▶ _WHAT TO PRODUCE_: Restate the lines word for word, from the first line of the records through the line containing "彦尧影音是一款在线电影播放器". Leave out the pictures and anything after that line.

▶ _GIVEN DATA_:
..........

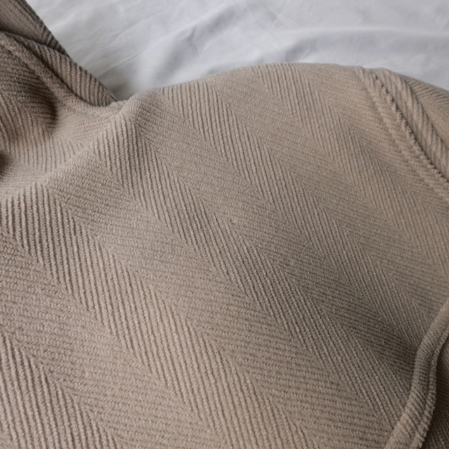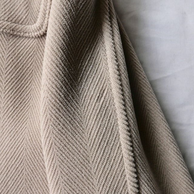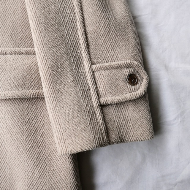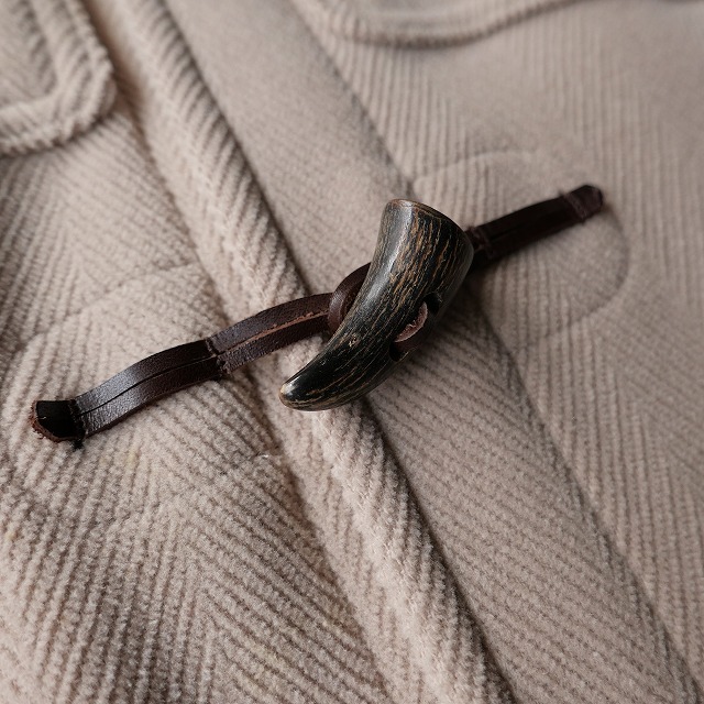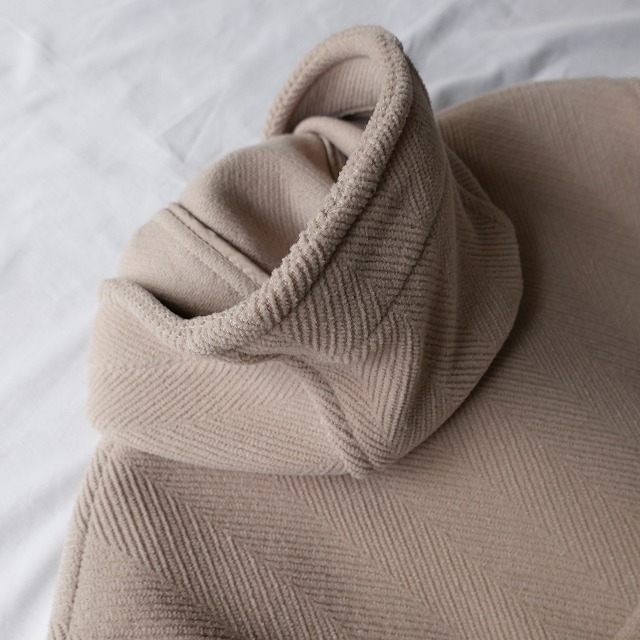 肉厚で軽くフカフカな質感のヘリンボーン生地を使用しており、ダッフルコート=重いというイメージの方が多いと思いますが、この生地を使ったダッフルコートは暖かさはもちろんですが、驚く程軽い着心地。
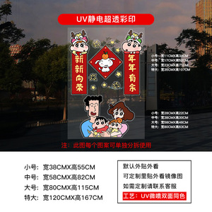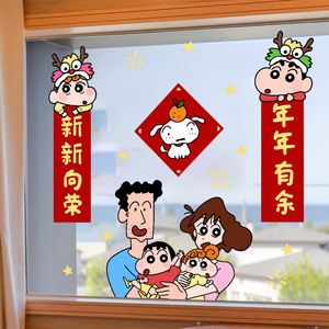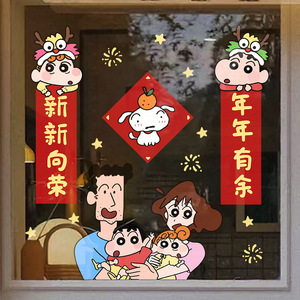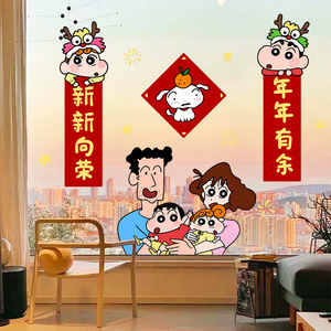 2026年馬年新年あけましておめでとうございます春の対句ガラス静電クレヨンしんちゃん春祭り装飾出窓窓花ステッカー
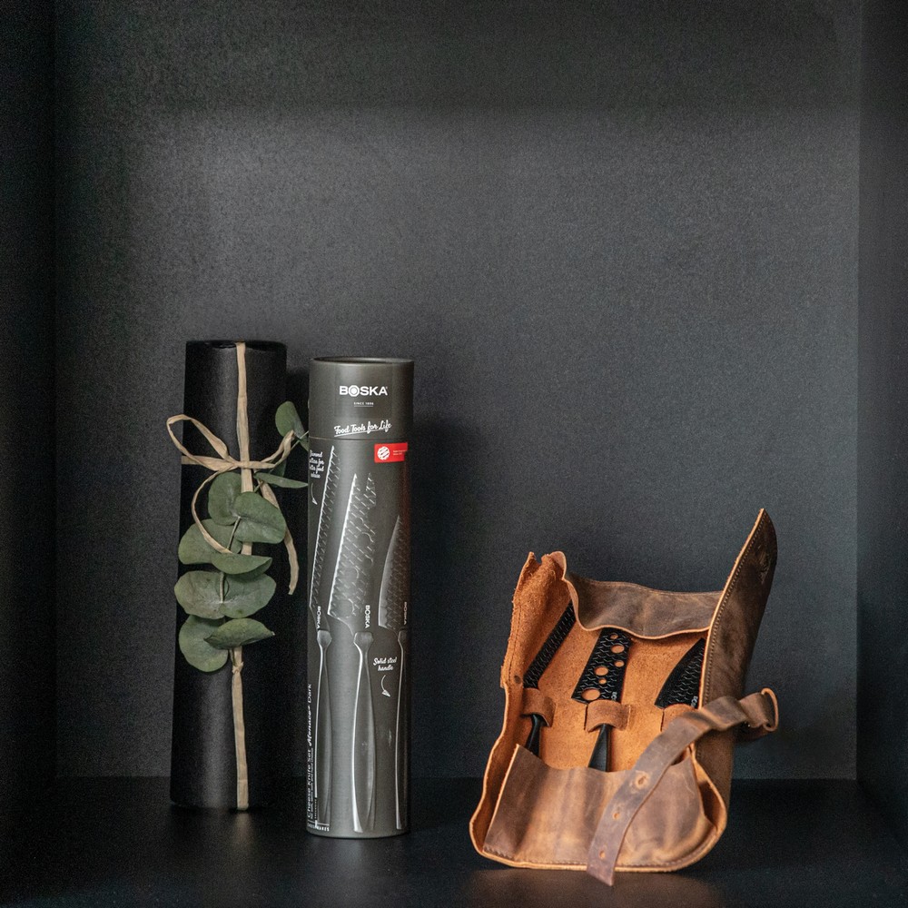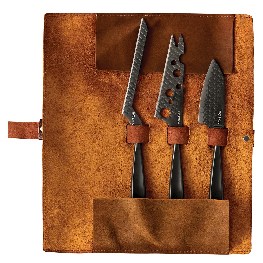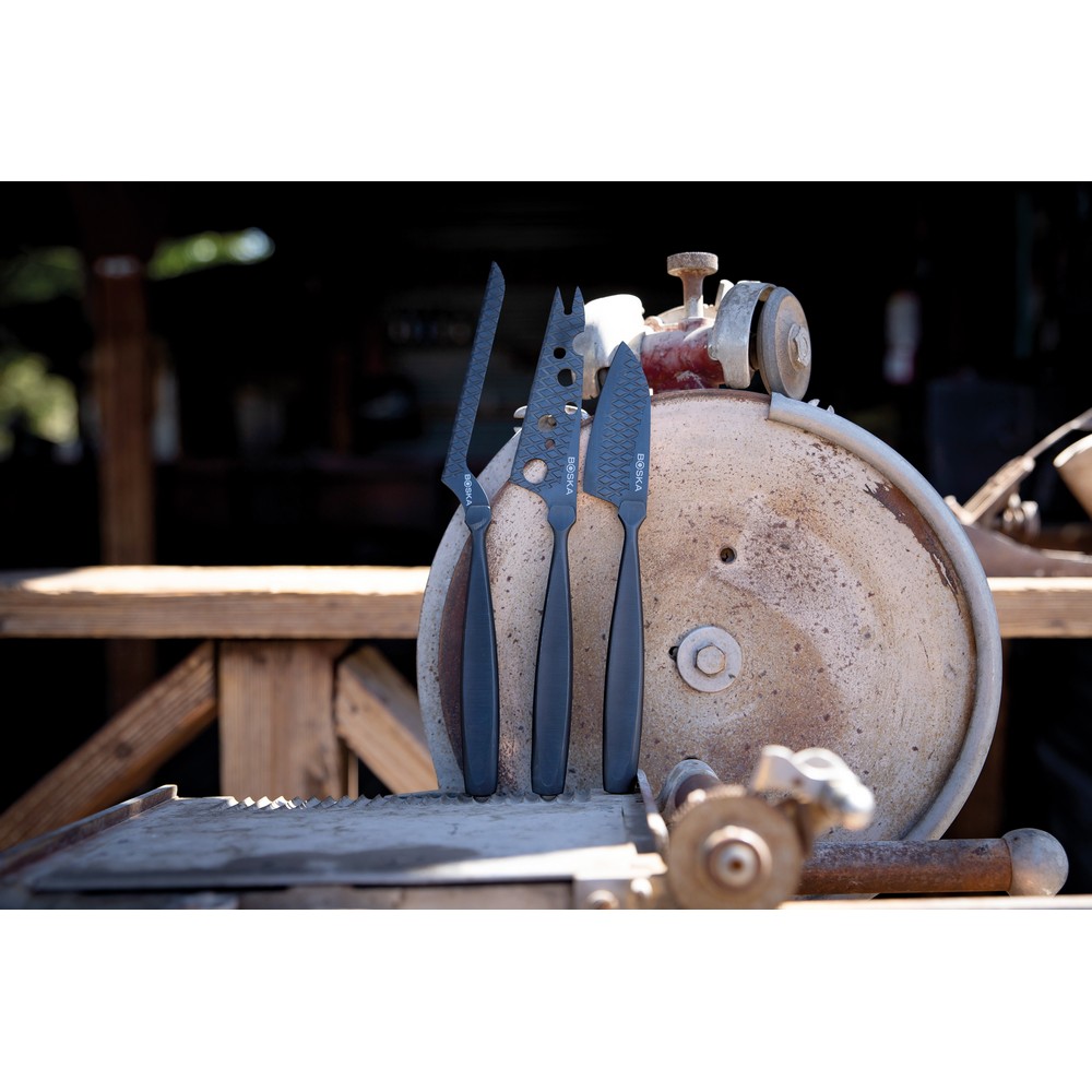 Zestaw do sera, wykonany ze stali nierdzewnej, unikatowy wzór w kształcie diamentów zapobiega przywieraniu sera, skórzane etui w komplecie, posiada 10-letnią gwarancję, wyłącznie mycie ręczne
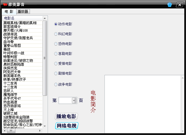 彦尧影音是一款在线电影播放器软件,提供动作电影、科幻电影、恐怖电影、喜剧电影、爱情电影、剧情电影和战争电影收看。
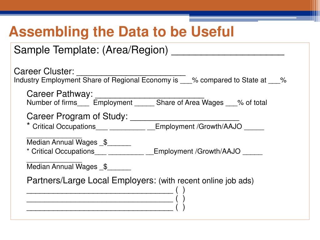Assembling the Data to be Useful Sample Template: (Area/Region) ___________________ Career Cluster: ______________________Industry Employment Share of Regional Economy is ___% compared to State at ___% Career Pathway: ______________________Number of firms___ Employment _____ Share of Area Wages ___% of total Career Program of Study: ______________________* Critical Occupations___ _________ __Employment /Growth/AAJO _____ ______________Median Annual Wages _$______ * Critical Occupations___ _________ __Employment /Growth/AAJO _____ ______________Median Annual Wages _$______ Partners/Large Local Employers: (with recent online job ads)_________________________________ ( )_________________________________ ( )_________________________________ ( )
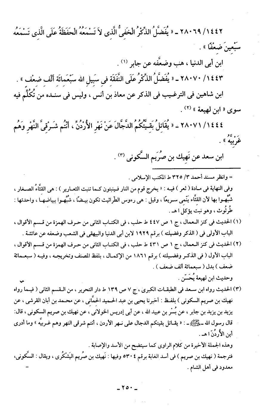 (¬3) الحديث رواه ابن سعد في الطبقات الكبرى، جـ 7 ص 139 ط دار التحرير، من القسم الثانى (فيما رواه نهيك بن صريم السكونى) بلفظ: أخبرنا يحيى بن عبد الحميد الحمَّانِى، عن محمد بن أبان القرشى، عن يزيد بن يزيد بن جابر، عن بُسْر بن عبيد اللَّه، عن أَبى إدريس الخولانى، عن نهيك بن صريم السكونى، قال: قال رسول اللَّه -صلى اللَّه عليه وسلم-: "يقاتل بقيتكم الدجال على نهر الأردن، أنتم شرقى النهر وهم غربيَّه" وما أدرى أين الأُردُن اهـ.
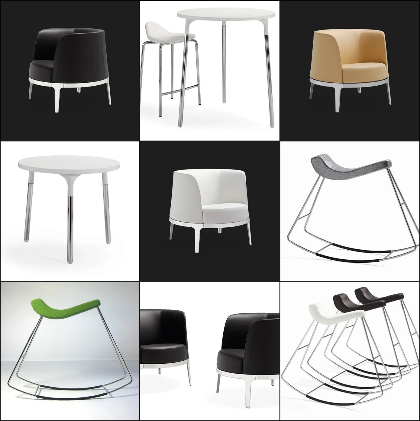 Limpan is intended for active sitting, thus fitting naturally into the Materia meeting concept. The design language is light and playful. The rocking movement activates the body and helps release tension. Furthermore, it engages both halves of the brain, thus stimulating creativity.

..........

▶ _EXERCISE RESULT_:
 肉厚で軽くフカフカな質感のヘリンボーン生地を使用しており、ダッフルコート=重いというイメージの方が多いと思いますが、この生地を使ったダッフルコートは暖かさはもちろんですが、驚く程軽い着心地。
 2026年馬年新年あけましておめでとうございます春の対句ガラス静電クレヨンしんちゃん春祭り装飾出窓窓花ステッカー
 Zestaw do sera, wykonany ze stali nierdzewnej, unikatowy wzór w kształcie diamentów zapobiega przywieraniu sera, skórzane etui w komplecie, posiada 10-letnią gwarancję, wyłącznie mycie ręczne
 彦尧影音是一款在线电影播放器软件,提供动作电影、科幻电影、恐怖电影、喜剧电影、爱情电影、剧情电影和战争电影收看。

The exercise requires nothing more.